SLGN collar payoff curve
Modeled P&L at expiration across a range of underlying prices for the collar on SLGN. Each row is one sampled price point from the computed payoff curve; the full curve uses 200 price points internally before being summarized into 10 rows here.
When traders use collar on SLGN
Collars on SLGN hedge an existing long SLGN stock position; the long put sets a floor while the short call finances it, often run as a near-zero-cost hedge during expected volatility windows.
SLGN thesis for this collar
The market-implied 1-standard-deviation range for SLGN extends from approximately $34.09 on the downside to $39.45 on the upside. A SLGN collar hedges an existing long SLGN position with a protective put while financing the put cost via a short call; when the premiums roughly offset, the collar acts as a near-zero-cost insurance band around the current spot. Current SLGN IV rank near 3.00% sits in the lower third of its 1-year distribution, where IV often re-expands toward the mean; this favors premium-buying structures and disadvantages premium-selling structures on SLGN at 25.40%. As a Consumer Cyclical name, SLGN options can move on sector-level news flow (peer earnings, regulatory updates, industry-specific macro data) in addition to SLGN-specific events.
SLGN collar positions are structurally neutral (protective); the modeled P&L assumes European-style exercise at expiration and ignores early assignment, transaction costs, dividends paid before expiry on the stock leg (when present), and the bid-ask spread on the listed chain. SLGN positions also carry Consumer Cyclical sector concentration risk; news flow inside the sector (peer earnings, regulatory shifts, supply-chain headlines) can move SLGN alongside the broader basket even when SLGN-specific fundamentals are unchanged. Always rebuild the position from current SLGN chain quotes before placing a trade.
Frequently asked questions
- What is a collar on SLGN?
- A collar on SLGN is the collar strategy applied to SLGN (stock). The strategy is structurally neutral (protective): A collar pairs long stock with a protective out-of-the-money put financed by a short out-of-the-money call, capping both tails of the position around the current spot. With SLGN stock trading near $36.77, the strikes shown on this page are snapped to the nearest listed SLGN chain strike and the premiums come straight from the end-of-day bid/ask midpoint.
- How are SLGN collar max profit and max loss calculated?

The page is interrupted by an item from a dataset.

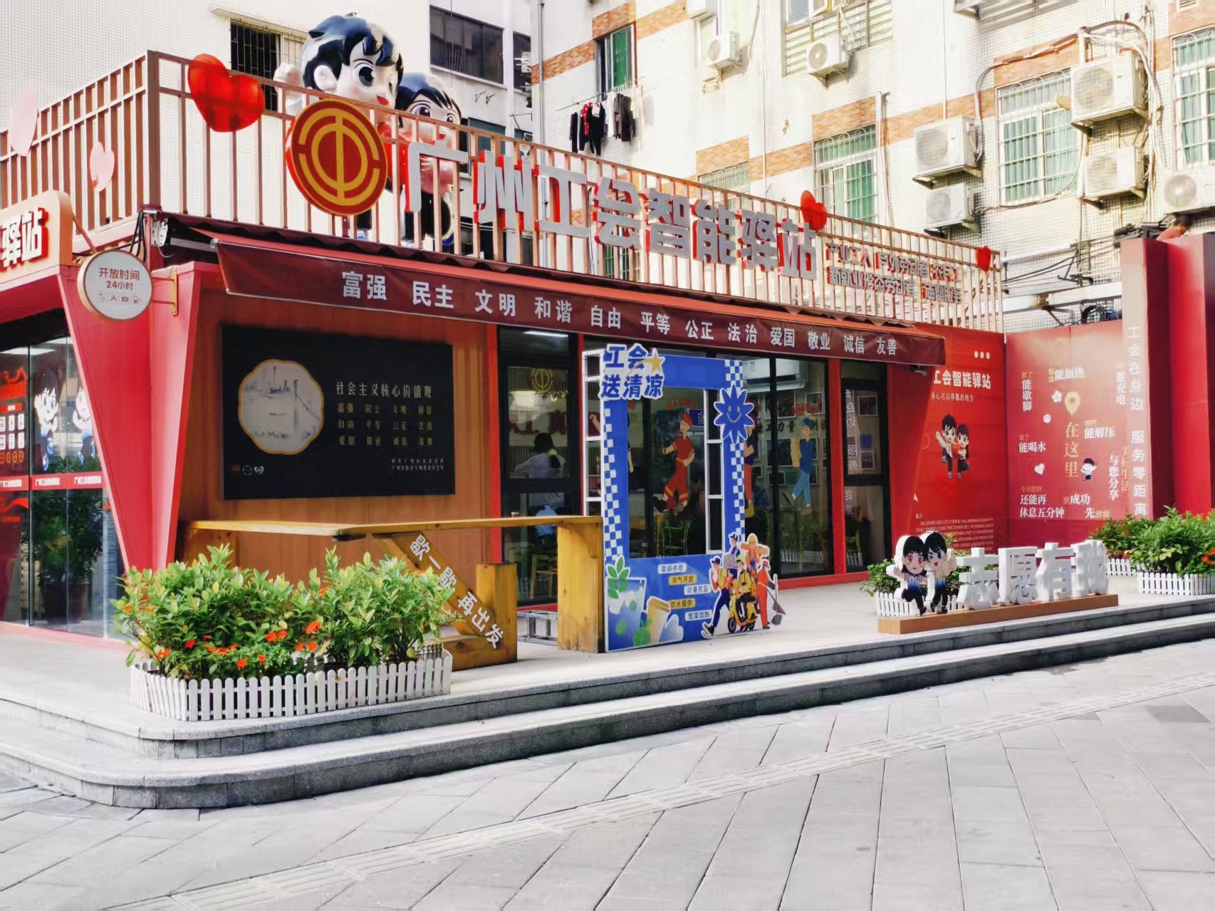 2014年,广州市总工会在全省率先建成首批55家“职工小休站”,为户外劳动者提供饮水、纳凉、热饭、歇脚、应急、充电等基本服务。

- Max profit roughly equals short-call strike minus cost basis plus net premium; max loss roughly equals cost basis minus long-put strike minus net premium. Breakeven shifts by the net premium. For the SLGN collar priced from the end-of-day chain at a 30-day expiry (ATM IV 25.40%), the computed maximum profit is unbounded per contract and the computed maximum loss is unbounded per contract. Live intraday quotes will differ as the chain moves through the trading session.
- What is the breakeven for a SLGN collar?
- The breakeven for the SLGN collar priced on this page is no defined breakeven on the modeled curve at expiration, derived from end-of-day chain premiums. Breakeven is the underlying price at which the strategy's P&L crosses zero ignoring transaction costs and assignment risk. The current SLGN market-implied 1-standard-deviation expected move is approximately 7.28%; if the move sits well outside the breakeven distance, the structure's risk-reward becomes correspondingly tighter.
- When should you consider a collar on SLGN?
- Collars on SLGN hedge an existing long SLGN stock position; the long put sets a floor while the short call finances it, often run as a near-zero-cost hedge during expected volatility windows.
- How does current SLGN implied volatility affect this collar?
- SLGN ATM IV is at 25.40% with IV rank near 3.00%, which is on the low end of its 1-year range. Premium-buying structures (long call, long put, debit spreads) are relatively cheap in this regime; premium-selling structures collect less credit per unit risk.